If you think GDPR has proven a soggy biscuit, influential privacy activist Dr Johnny Ryan might make you think twice. He’s warning of a systemic upheaval to online advertising and user data collection from the EU’s General Data Protection Regulation (GDPR)…and the ACCC. It’s not happened yet but it’s coming. Like those who were ignored predicting the 2008 global financial crisis, think hard on this one.
“Brands are fully at risk. They don’t realise this yet. They are data controllers. Article 5 [GDPR] says you basically can’t broadcast personal data. You have to know where it’s going to end up…you couldn’t radio broadcast that personal data and a bid request when it’s over an ad exchange is pretty much that.”
– Dr Johnny Ryan, Chief Policy Officer, Brave Software
You need to know this:
- EU privacy activists are aggressively lodging hundreds of complaints against online advertising practices; regulators are signalling more aggressive responses
- Brands and marketers are “fully at risk” of prosecution, not just adtech operatives and the tech duopoly
- The online ad industry has been lured into a false sense of security – it’s taking a while but GDPR regulators will bite hard
- EU regulators will prosecute marketers as “data controllers” with full liability, even if their agency, data partners, or others, are doing the work
- Real Time Bidding (RTB) is under a huge cloud – it collects, trades and broadcasts personal data and is under intense regulatory scrutiny for GDPR breaches
- Targeting users in the “long tail” of cheaper websites with tracking data is in doubt
- Cross-device tracking unlikely to survive, threatening user data capture and frequency capping
- Personalised tracking and targeting fundamentally challenged; contextual programmatic targeting likely to return in force.
Saving privacy Ryan
Watch out for Dr Johnny Ryan, if you’re anywhere near the digital media or data supply chain.
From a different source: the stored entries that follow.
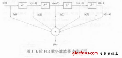 FIR濾波器具有幅度特性可隨意設(shè)計(jì)、線性相位特性可嚴(yán)格精確保證等優(yōu)點(diǎn),因此在要求相位線性信道的現(xiàn)代電子系統(tǒng),如圖
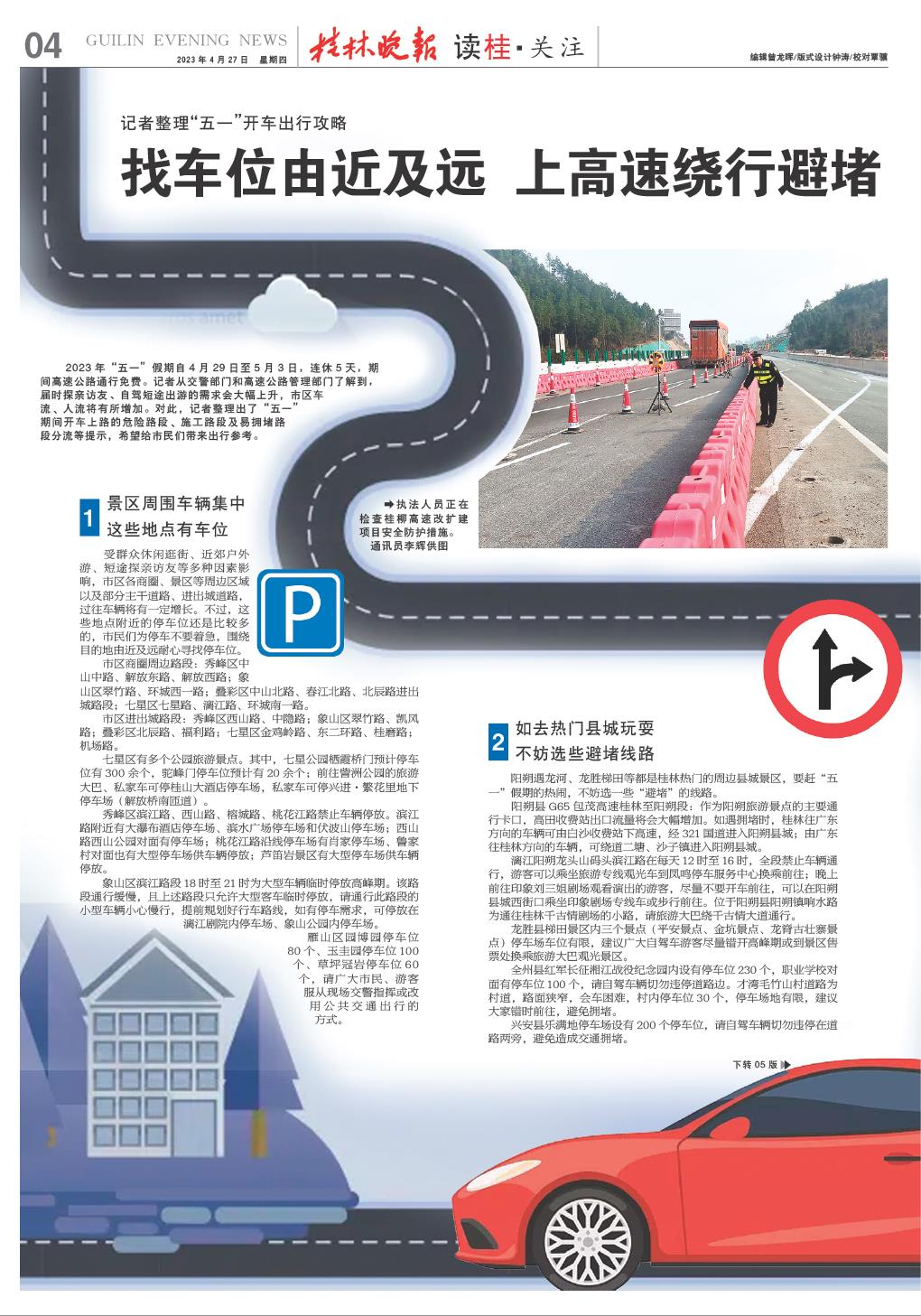 2023年“五一”假期自4月29日至5月3日,连休5天,期间高速公路通行免费。记者从交警部门和高速公路管理部门了解到,届时探亲访友、自驾短途出游的需求会大幅上升,市区车流、人流将有所增加。对此,记者整理出了“五一”期间开车上路的危险路段、施工路段及易拥堵路段分流等提示,希望给市民们带来出行参考。
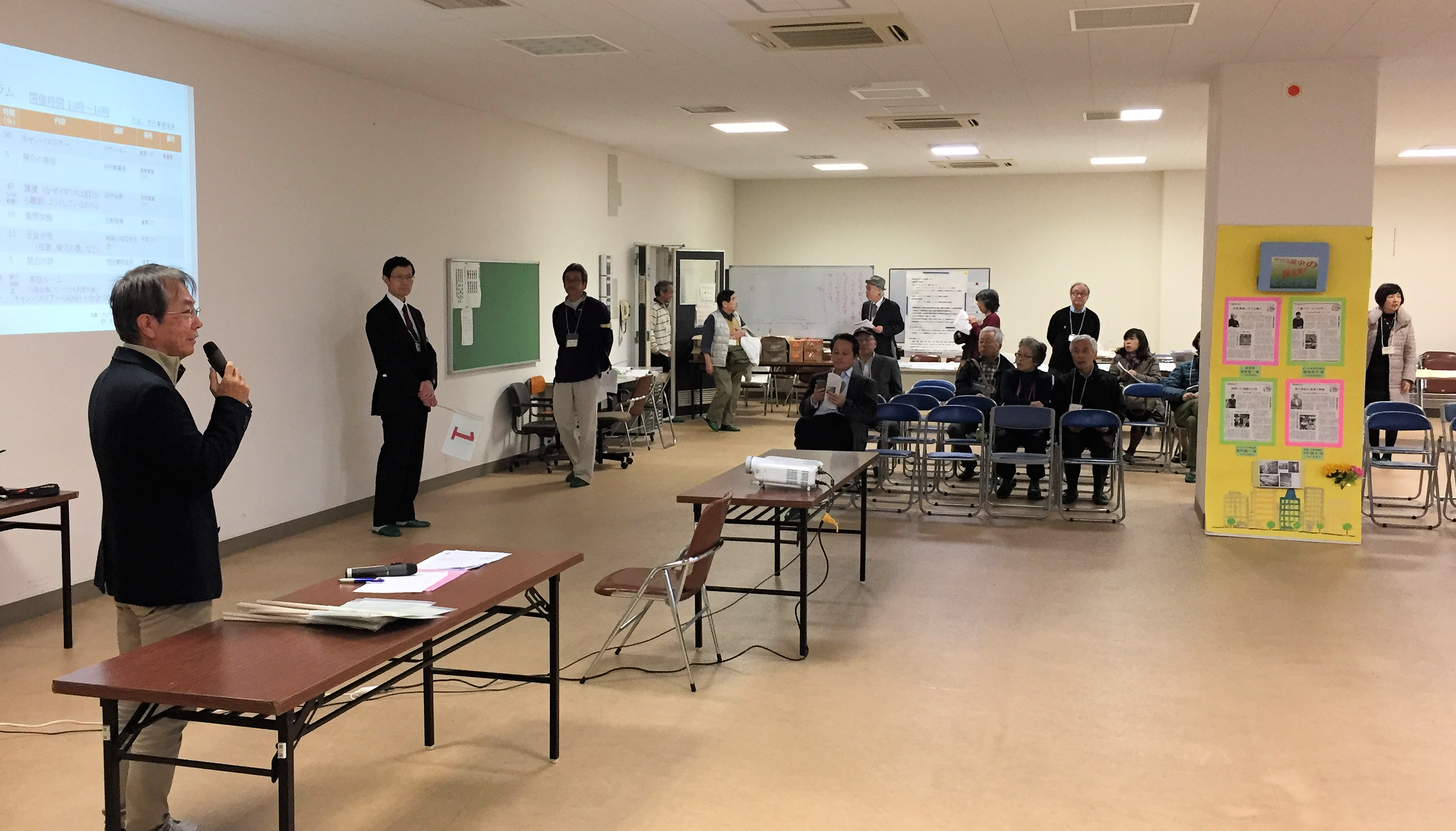 大池100周年記念事業実行委員からホームカミングデーの時間割(予定表)の説明

Sought out by journalists, and increasingly politicians and regulators for his ability to cut through the often bewildering complexity and opaqueness of digital marketing and advertising practices, Ryan is seen as a troublemaker by many in the online industry, adtech operatives, and big tech, particularly.
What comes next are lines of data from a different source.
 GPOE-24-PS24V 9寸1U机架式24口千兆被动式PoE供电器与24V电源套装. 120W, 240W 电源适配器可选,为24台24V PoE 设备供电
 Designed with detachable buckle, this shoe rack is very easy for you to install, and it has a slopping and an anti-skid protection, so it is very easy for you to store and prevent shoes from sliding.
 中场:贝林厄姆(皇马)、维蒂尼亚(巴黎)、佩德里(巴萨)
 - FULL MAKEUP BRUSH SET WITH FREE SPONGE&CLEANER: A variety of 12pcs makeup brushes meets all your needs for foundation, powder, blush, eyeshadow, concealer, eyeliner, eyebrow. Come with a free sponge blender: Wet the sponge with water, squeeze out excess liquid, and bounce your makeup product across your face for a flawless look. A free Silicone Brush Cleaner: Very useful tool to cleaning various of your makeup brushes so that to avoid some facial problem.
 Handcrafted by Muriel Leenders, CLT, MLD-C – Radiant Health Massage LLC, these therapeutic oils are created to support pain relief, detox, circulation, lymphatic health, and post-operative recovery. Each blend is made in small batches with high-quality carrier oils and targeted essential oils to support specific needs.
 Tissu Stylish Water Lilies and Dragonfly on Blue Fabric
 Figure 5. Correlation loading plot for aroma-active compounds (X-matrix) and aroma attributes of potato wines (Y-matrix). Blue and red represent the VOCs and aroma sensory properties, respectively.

One week Ryan could be in Washington skewering the online ad business for its intrusive user tracking and data collection practices to a US Senate committee, the next he’s priming UK and Irish regulators on privacy complaints that he and others like University College London’s tech policy researcher Michael Veale have lodged to establish precedents on GDPR breaches. In the UK and Ireland, only individuals can make GDPR complaints while entities and organisations can in other EU countries.
Real Time Bidding “perverse”
Only a few weeks ago the UK Information Commissioner’s Office described real time bidding as a world of “perverse incentives” in which being “intrusive” is rewarded by better ad prices.
Ryan, who is chief policy officer for the privacy-skewing web browser, Brave, created by the inventor of Javascript, Brendan Eich, says the market is buying an increasing proportion of online media that “puts the marketer on the hook”.
He cites a recent case at the European Court of Justice which puts liability on companies that feature Facebook’s “Like” button on their websites to warn users that their personal data is being sent to the social media network.
“From that case, we have this understanding that if you’re a marketer and you can cause data processing to happen, even if it’s your agency who runs the campaign using some technology, then you’re a data controller, a joint controller,” says Ryan. “Under GDPR, I think it’s Article 82, a data controller is fully liable in the case of damages that come out of infringement to this regulation.
“People are buying an increasing proportion of their ads that put marketers on the hook. It exposes brands to risk.”
– Dr Johnny Ryan
“The regulators are very, very cautious. They move very slowly and very carefully … brands are fully at risk. They don’t realise this yet. People are buying an increasing proportion of their ads that put marketers on the hook. It exposes brands to risk.”
Real Time Bidding (RTB) is another area which Ryan says is in serious doubt under GDPR, and possibly Australia depending on how the Federal government acts on the recommendations from the ACCC’s Digital Platforms Inquiry. Some like Brian O’Kelley, the founder of AppNexus, acquired recently by AT&T and rebadged Xandr, says you “can’t stop targeting and keep doing RTB”, in light of the pressure coming on the practice in Europe. Says Ryan: “If you want to use RTB for all its problems, and I’m thinking of fraud here in particular, you still can. You just have to make sure there’s no personal data in the bid request. That’s an easy fix.”